Net income fell 5 percent to 1.63 billion euros ($1.84 billion) from 1.72 billion euros a year earlier, the bank said Wednesday. That beat the 1.5 billion-euro average estimate in a Bloomberg survey of seven analysts.
Chairman Ana Botin, 55, is closing branches and steering customers into digital banking to cut costs as subzero interest rates undercut profitability. Spain’s largest lender bank plans to eliminate as many as 1,660 jobs in the country this year and has put acquisitions on hold to concentrate on boosting revenue from existing businesses.
“Overall a good set of results, which beat expectations on a solid performance of costs and provisions and which showed promising trends in core revenues in Spain and Portugal,” Fabio Mostacci, an analyst at Mirabaud Securities who has a buy recommendation on the shares, said in a note to clients.
The shares were up 3 percent to 4.665 euros at 9:18 a.m. in Madrid, the highest since late December. Santander was among the best performers in the benchmark STOXX Europe 600 Banks Price Index, which tracks 47 of the region’s banks.

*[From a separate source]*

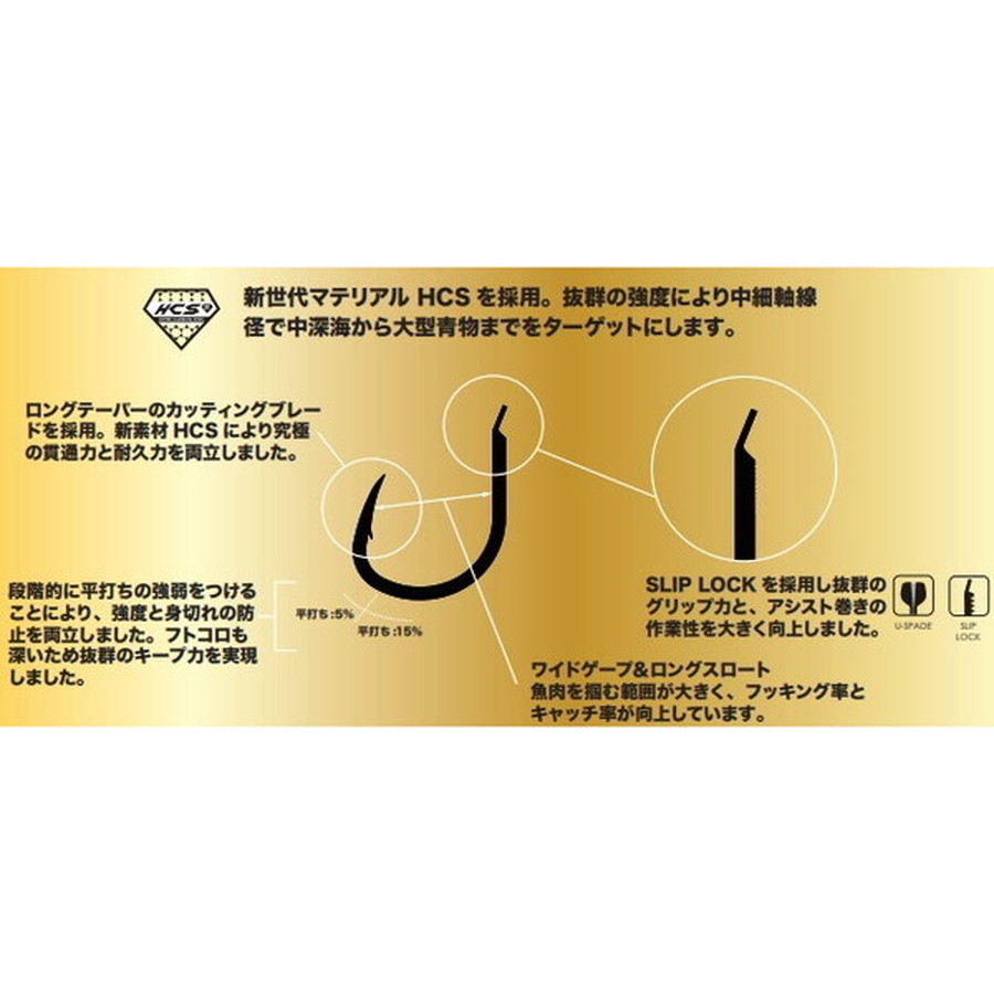 ・スロージギング対応オール パーパスジギングフック。・反転、フォールバイトを仕留める LONG TAPER & CUTTING BLADE !・HCS を採用し BKK 独自の SPECIAL FORGING により圧倒的な強度とファイト時のキープ力を実現。・BKK のテクノロジーを集約した JAPAN STANDARD SLOW HOOK が誕生しました。・特徴的な形状と HCS の効果により、魚体の奥深くに抉り込むように貫通します。
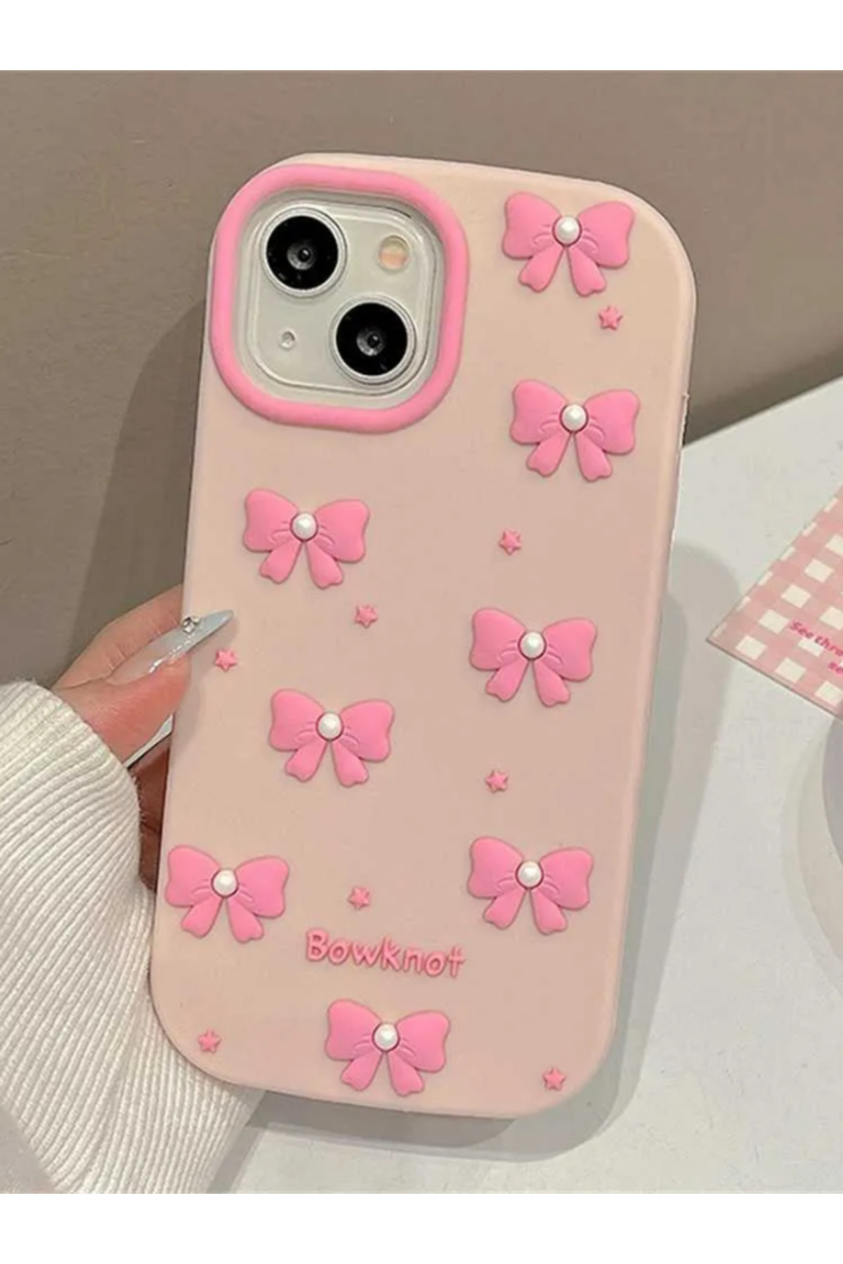 iPhone 13 / 14 / 15 Uyumlu Pembe Fiyonk Desenli Kabartmalı Yumuşak Silikon Kılıf

Income took a hit from exchange rates as the euro strengthened against the pound and against currencies in Argentina, Chile, Brazil and Mexico. Factoring out those effects, profit would have increased 8 percent, the bank said.
Common equity Tier 1, a measure of financial strength, rose to 10.3 percent from 10.1 percent at the end of 2015. Botin has pledged to increase the ratio to more than 11 percent by the end of 2018.
“Santander is well on track to deliver and possibly beat the guidance of 40 basis points capital generation for the year,” Mostacci said.
Earnings fell 10 percent in Spain with net interest income — the difference between what banks charge for loans and pay for funding — declining 14 percent. Profit from the U.K. unit, Santander’s main earnings contributor, declined 4 percent, while dropping 25 percent at the Brazilian business when calculated in euros. It was flat in local currency.
“The Brazilian economy is challenging at the moment,” Santander’s Chief Financial Officer Jose Antonio Garcia Cantera said in a Bloomberg Television interview with Guy Johnson and Hans Nichols Wednesday. “We’re going to see pressures coming from that in the coming quarters. ”
Provisions fell 6 percent from the year earlier. Bad loans as a share of total lending at Santander fell to 4.33 percent from 4.36 percent at the end of December.